Did you know that if you have COPD, the foods that you eat such as carbs can have an affect on your breathing. Foods high in carbohydrates produces large amounts of carbon dioxide. When carbon dioxide is increased in the body the blood becomes acidic. If your blood becomes too acidic messages are sent to the brain to increase respiration and urination to eliminate this build up of acid. Your body's natural buffer system in the form of increased bicarbonate production kick in to bring you back to a state of homeostasis. When you have COPD the anatomy of the lungs has changed in such a way as to decrease the body's ability to eliminate carbon dioxide. Over time the body resets the baseline CO2 (carbon dioxide) to a higher number due to the lungs inability to properly eliminate it effectively. This in turn causes the bicarbonate to reset as well to bring the body's blood pH back to normal.

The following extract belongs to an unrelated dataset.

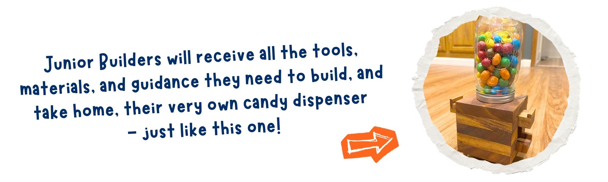 Join us for a hands-on Junior Builders Workshop where you and your little one will work together to build something fun! In this session, builders will create their very own wooden candy dispenserβa super sweet project thatβs as fun to make as it is to use.

Foods high in carbohydrates increase the amount of CO2 in an already deficient system, therefore making expiration more difficult.

If you have been diagnosed with COPD have your doctor recommend a registered dietitian that can help you to devise a meal plan with the proper nutrition to offset increased CO2. Do not try to do this yourself because carbohydrates provide fuel for the body and should not be completely eliminated from your diet. For example, complex carbohydrates are a good source of fiber which is necessary for proper bowel function. Simple and complex carbs also provide a lot of minerals and vitamins that are necessary for proper cell function. Fats produce the least amount of carbon dioxide while providing a great source for energy. Proteins are great for maintaining respiratory muscle strength along with proper exercise. Adequate water intake is also necessary in diluting the thick sputum that goes along with COPD. Coarse breath sounds from congestion are often confused with wet breath sounds from pulmonary edema which is more related with a condition known as congestive heart failure. Some foods also affect other factors that goes along with COPD. Carbs can affect your breathing if you have COPD, but they can affect your medications as well. Medications taken such as blood thinners, and some foods need to be increased to provide better bone strength as with calcium depletion that occurs with steroid use.

More importantly when making changes to your diet increase your meal to approximately six small meals a day. Merely trying to eat with end-stage COPD requires a lot of oxygen expenditure. Preparation of smaller, but more frequent meals aids in meeting the nutritional requirements that is imperative to normal body function. Ask your doctor for advice at your next appointment so that you can enjoy a greater quality of life.